No encuentro las palabras para describir lo que siento al ver el poder tan grande que tenemos como humanidad de juzgar, corromper, dividir, destruir, mutilar, asesinar… de verdad, no las encuentro.

Hoy, después de unas semanas de haber estado en este museo en la Ciudad de México, trato de verbalizar lo que ahí viví y no sé como empezar, supe que tenía que compartirlo desde el momento que puse un pie fuera del museo, porque la luz que logran presentar al final es digna de ser compartida.

Como se podrán imaginar al escuchar Museo de la memoria, sabía que iba a presenciar atrocidades cometidas en la segunda guerra mundial, donde al caminar sala por sala mi corazón iba encogiéndose cada vez más hasta sentir cómo explotaba. ¿En qué momento nos dividimos así? ¿En qué momento nos olvidamos, como humanidad, que somos uno mismo, que el mal que le hago al otro me lo hago a mi mismo? ¡Duele mucho! Y al terminar la sala de la segunda guerra mundial, dije —Vale verlo para no repetirlo. Pero NO, el museo sigue, porque como sociedad no sabemos parar, seguimos y seguimos, genocidios sucediendo todo el tiempo a nuestro alrededor.

Llegué a Ruanda, genocidio sucedido en 1992, del cuál sabía un poco más a fondo, ya que Immaculée Ilibagiza en su libro “Sobrevivir para contarlo” me lo había contado a detalle. Sabía cómo de un día a otro el odio sembrado entre dos tribus —inventadas también por el hombre—, los tutsis y los hutus, que vivían como vecinos, iban a la misma escuela, eran amigos, se empezaron a matar unos a otros sin que la ONU interviniera.
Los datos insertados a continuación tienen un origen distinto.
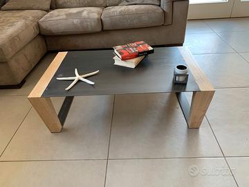 Tavolino di design, cuore di castagno massello e piano in lamiera nera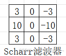 其他常用的滤波器还有 Sobel 滤波器和 Scharr 滤波器,它们给中心行赋予更多权重,使检测更加稳健。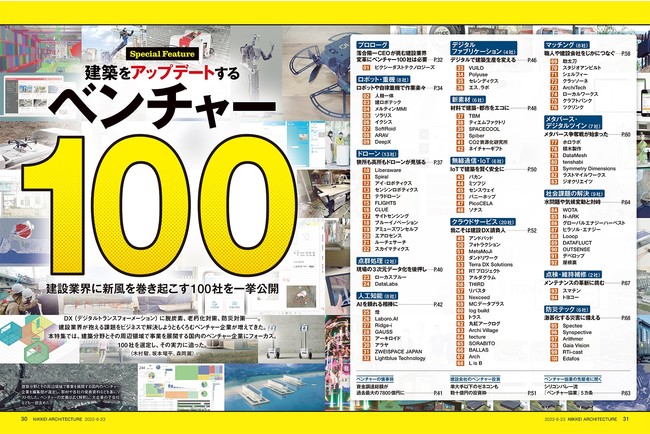 日経アーキテクチュアの2022年6月23日号では「建築をアップデートするベンチャー100」という特集が組まれ、建築分野とその周辺領域で事業を展開する国内のベンチャー企業の中から100社が選定されました。そしてその中のAI部門に燈が選出されました。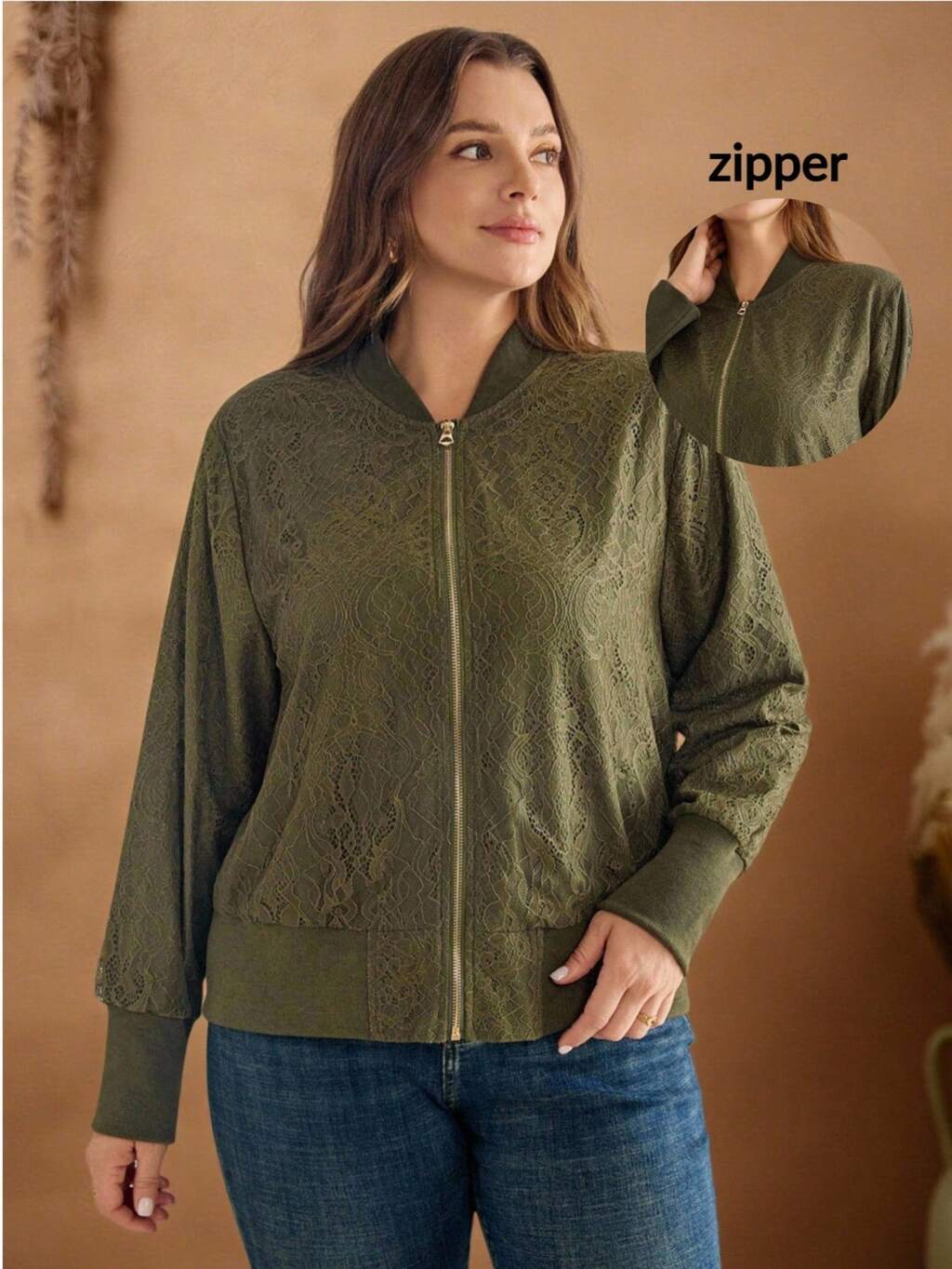 Plus Size Women's Green Casual Commuter Lace Front Center Zip Up Bomber Jacket, Fall Autumn Winter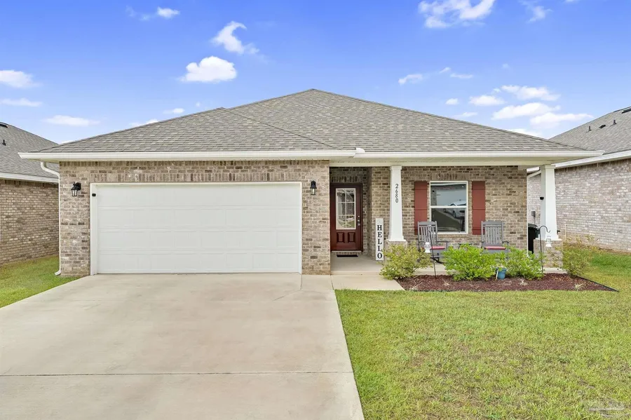 Welcome to this well-maintained 3 bedroom, 2 bath home with a 2-car garage and private pool. This property blends comfort and functionality with thoughtful design throughout. The exterior features four sides of brick, a welcoming front porch, and a backyard oasis with a pool that's perfect for relaxing or entertaining. Inside, you'll find 9-foot ceilings, with tray ceilings and crown molding enhancing both the family room and the primary suite. The open-concept layout creates a bright, spacious feel. The kitchen is equipped with stainless steel appliances, including a range, built-in microwave, and dishwasher. Flooring includes luxury vinyl plank throughout the main living areas and primary suite, with carpet only in the two guest bedrooms. Conveniently located near military bases, beaches, downtown Pensacola, and hospitals, this home offers easy access to everything the Gulf Coast has to offer. Don't miss your chance to make this move-in ready home with a pool yours-schedule your private tour today!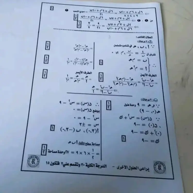 يشار أن الدرجة الكلية للامتحان هي 30 درجة وتُقسم على 2 لتصبح الدرجة النهائية من 15.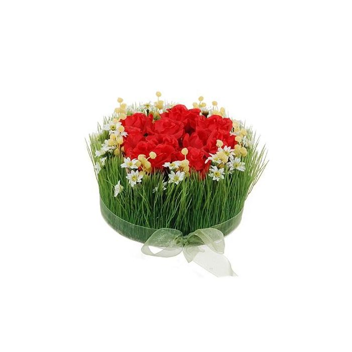 Künstliches Blumengesteck Rosen, Gras HAULANI, rot-weiß, 12cm, Ø20cm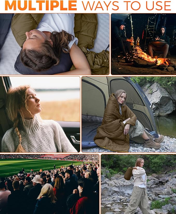 - LIGHTWEIGHT & PORTABLE WARMTH ON-THE-GO: This camping blanket unfolds to 69"L x 53"W and weighs just 1.32 lbs—lighter than a water bottle, giving you generous coverage without the bulk. It packs down to a compact 13.8" x 9.5" x 5.9" in the included stuff sack, making it easy to carry on hikes, backpacking trips, road adventures, or travel.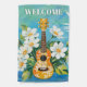 Welcome your visitors with a musical flourish, with this pretty outdoor flag. The flag pictures a classic ukulele, with decorative wood, on a backdrop of turquoise water, white flowers and green leaves. At the top, the word 'Welcome' is in clear capital letters. The design is the same on both sides of the flag. Ideal for ukulele players and fellow music lovers.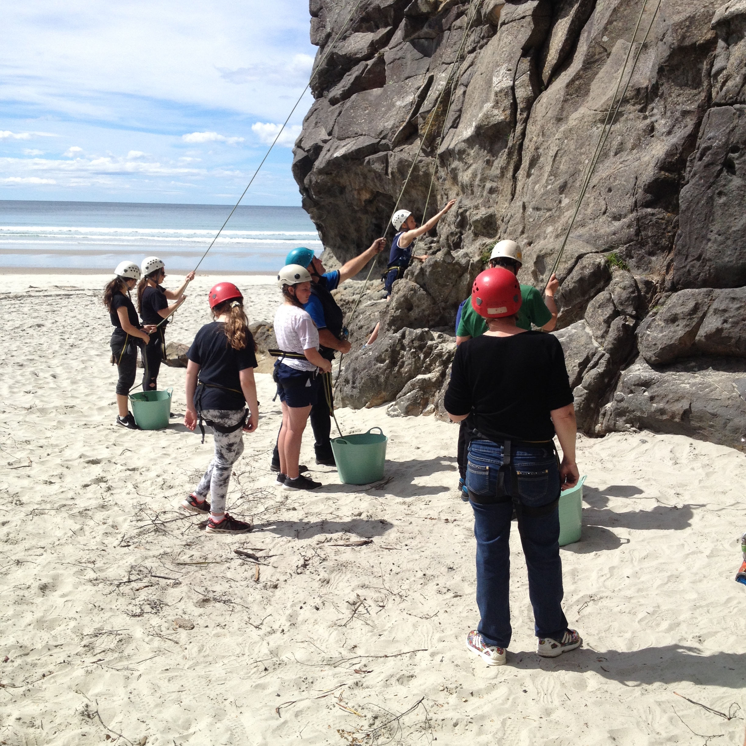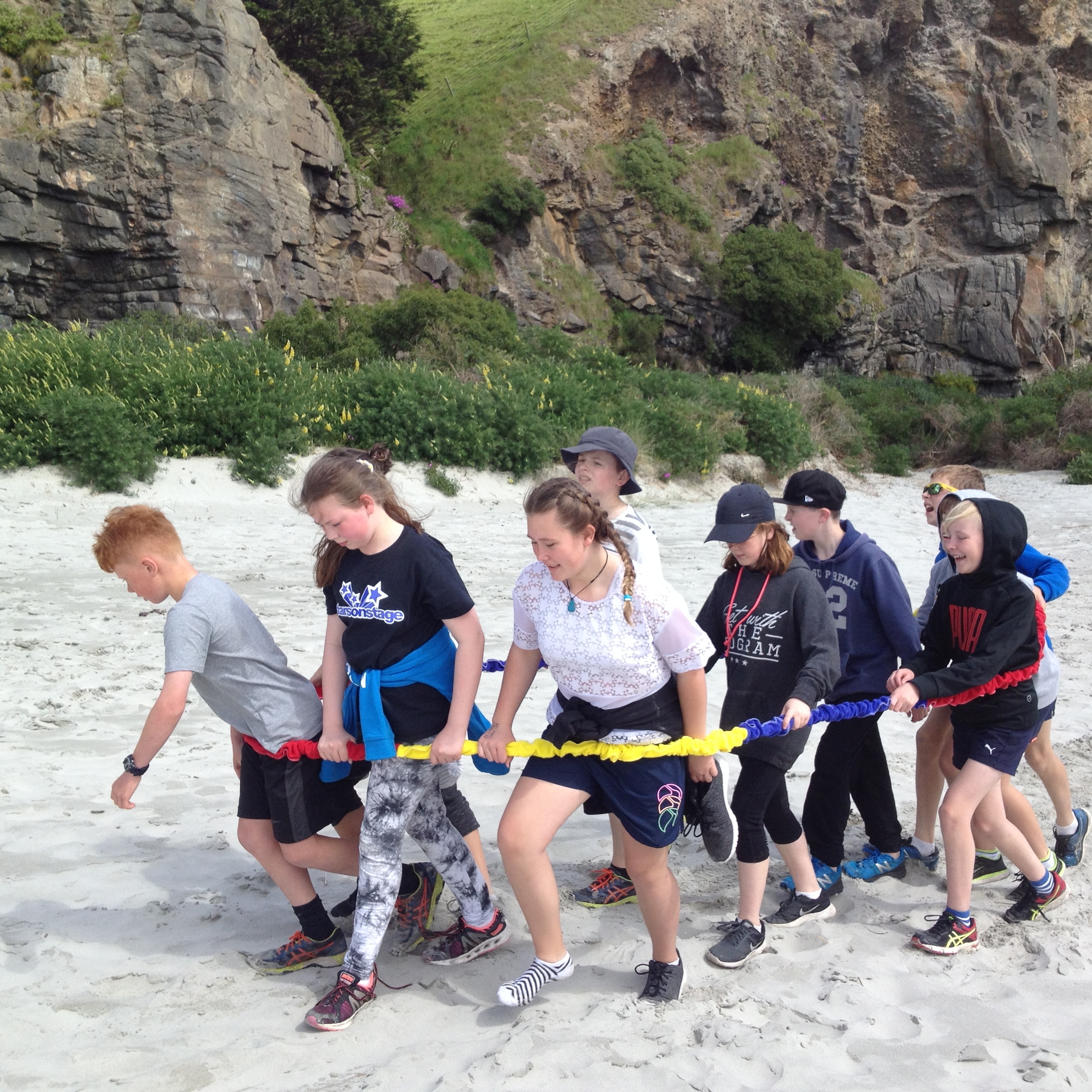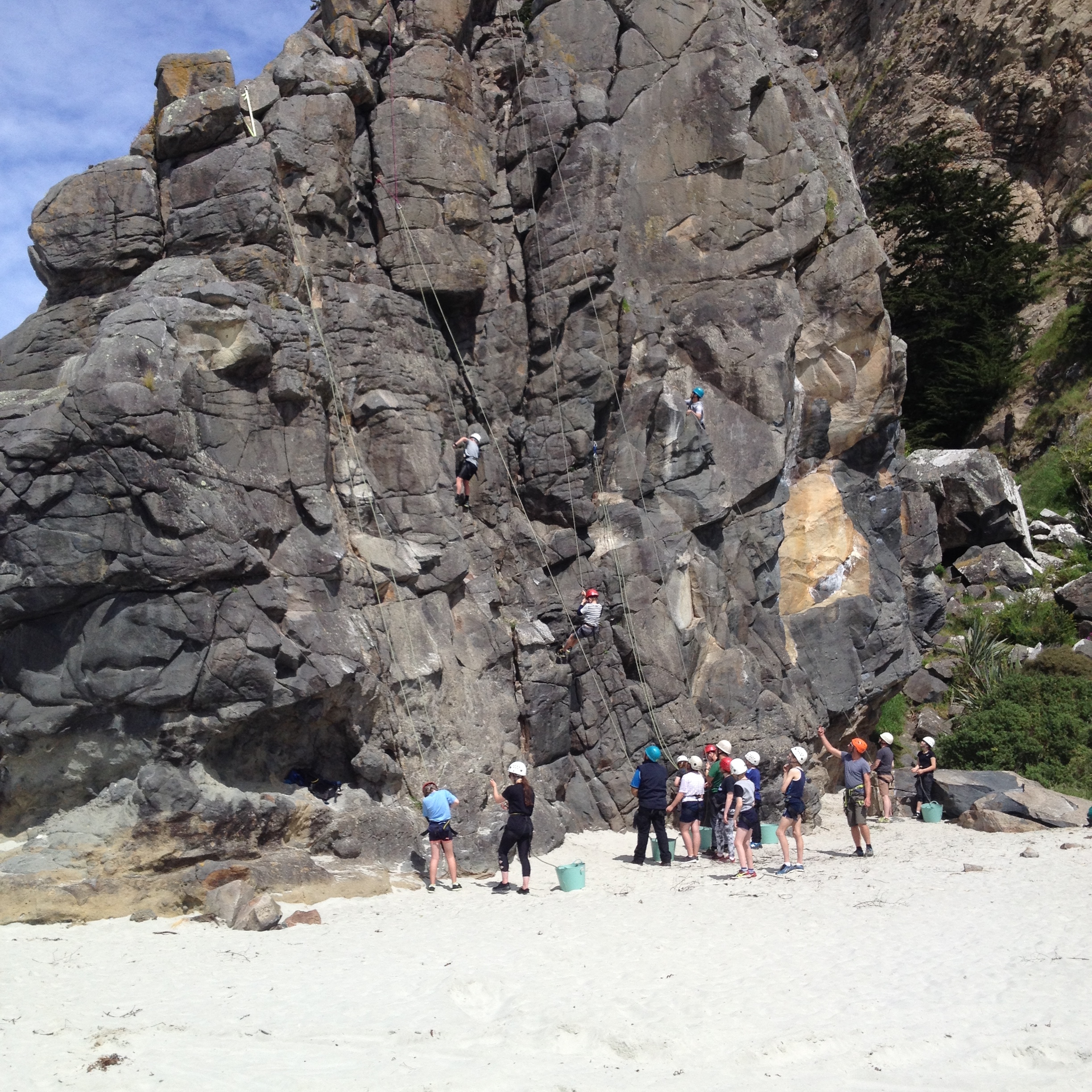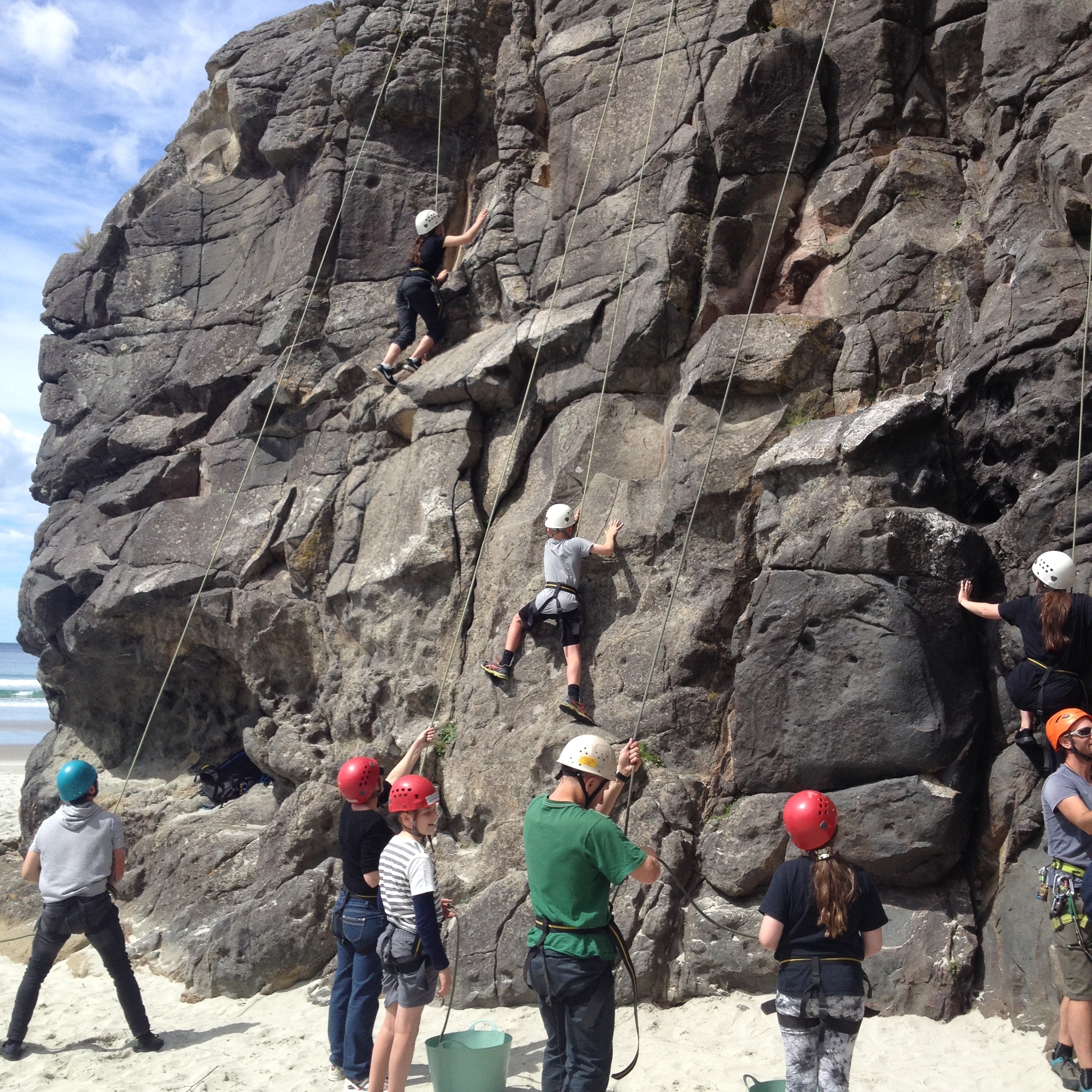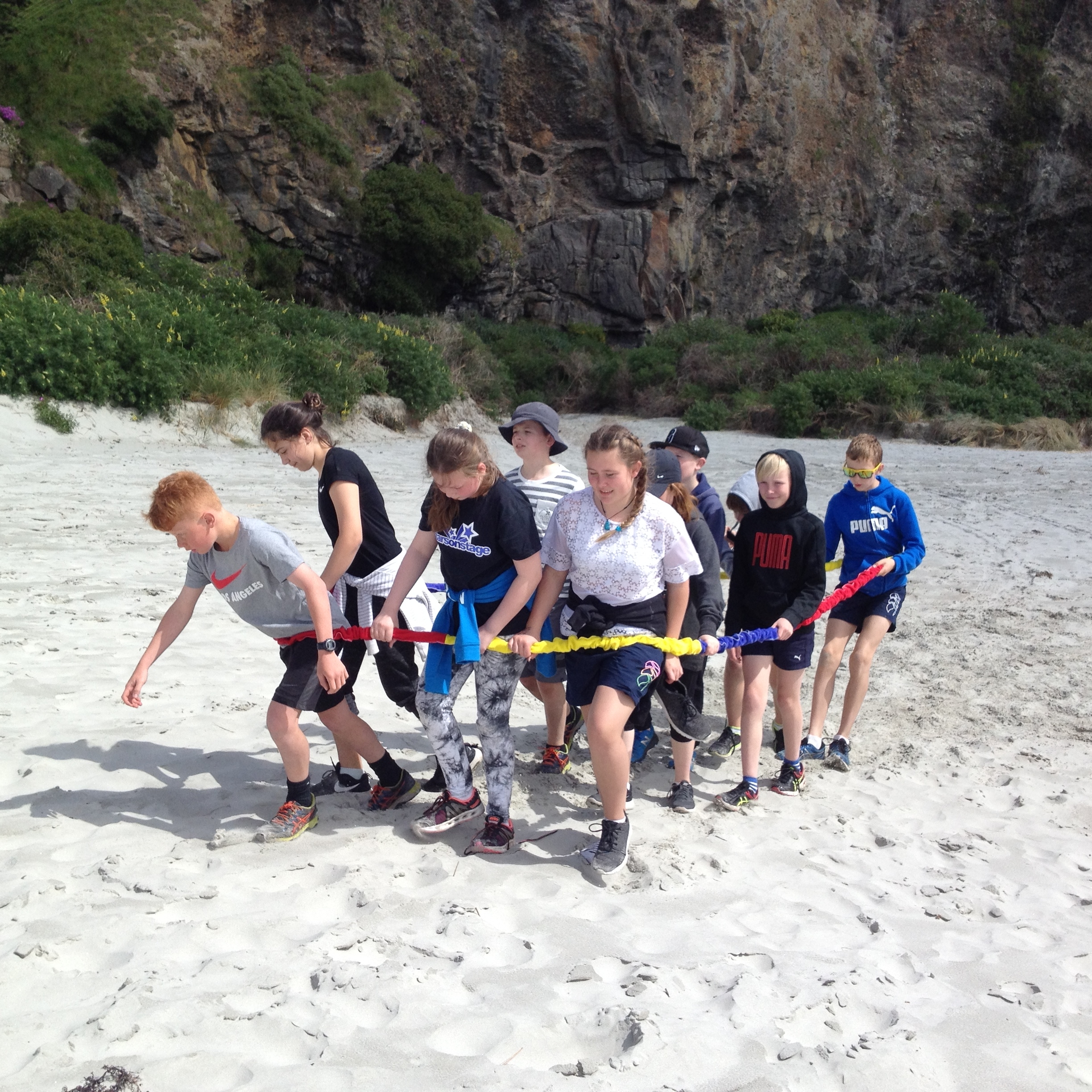 On Tuesday the 24th of October Room 5 went on a class trip to Long Beach. When we got to school we got into the parents’ cars and drove all the way to Long Beach. When we arrived at long beach we walked over to the rock and sorted into the groups. I was in the middle group. We got to go to the middle part of the beach and did whatever we wanted, like play with sports gear or make sand castles. After that the Wearable Arts students went to their rehearsal for Wednesday. My group then went to the cave. n the cave we had to find some fake $20 notes and exchange them for parts of a riddle. Once we solved the riddle we then we went to the rocks and did some rock climbing. There were 5 ropes set up and we all enjoyed ourselves.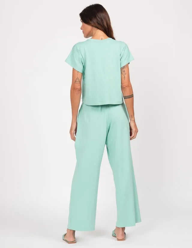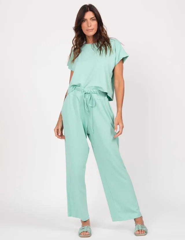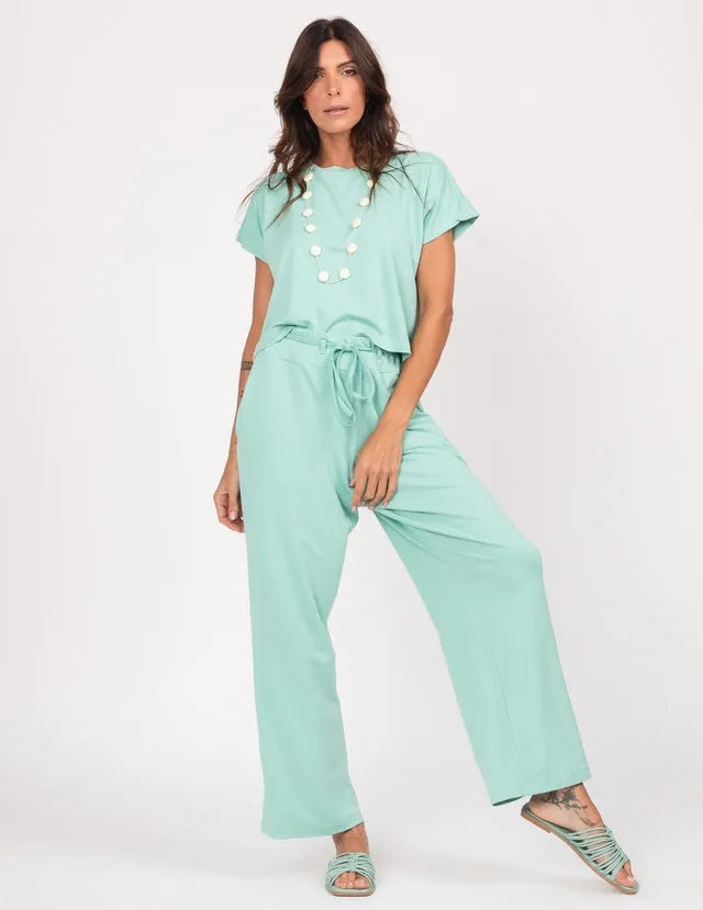 The Salamanca Pistachio Set is all about freshness and elegance in one effortless look. Crafted from a thick sweatshirt fabric with elastane, it combines structure with comfort, ensuring a soft touch and fluid drape.

El museo sigue: Armenia, Guatemala, Cambodia, Birmania… a esto no se le ve fin si seguimos pensando que nuestra religión es la verdadera, que nuestra raza es superior, que nuestra ideología política es la correcta, que yo, yo, yo y solo yo importo, soy más y mejor que el otro.

Triste.

Pero la luz llega después de tanto dolor, la tolerancia, que por medio de fotografías y esculturas me muestran en el silencio de la introspección, sin sentirme juzgada, aunque siendo honesta, duro y a la cabeza, mis intolerancias, que aunque yo creía las mías eran inofensivas, ahí están y lo más maravilloso es verlas, para entonces identificarme con tanta atrocidad y entender que soy parte de ella hasta que decida salir y posicionarme al otro lado, dejar de fingir que no veo, dejar de sentirme buena para verme reflejada en el espejo de cada uno de los que mataron creyendo tener la razón y entender porque me duele tanto.

Hay esperanza cuando puedo ver, ver claramente, sin justificaciones, sin creer que eso no  me atañe. Hay esperanza al entender que sí estoy en el mismo barco, que tengo mucho que aportar desde mi lugar, aunque parezca pequeño.

Definitivamente si tienen oportunidad de ir, háganlo y por ningún motivo, se salten la última sala que no les conté.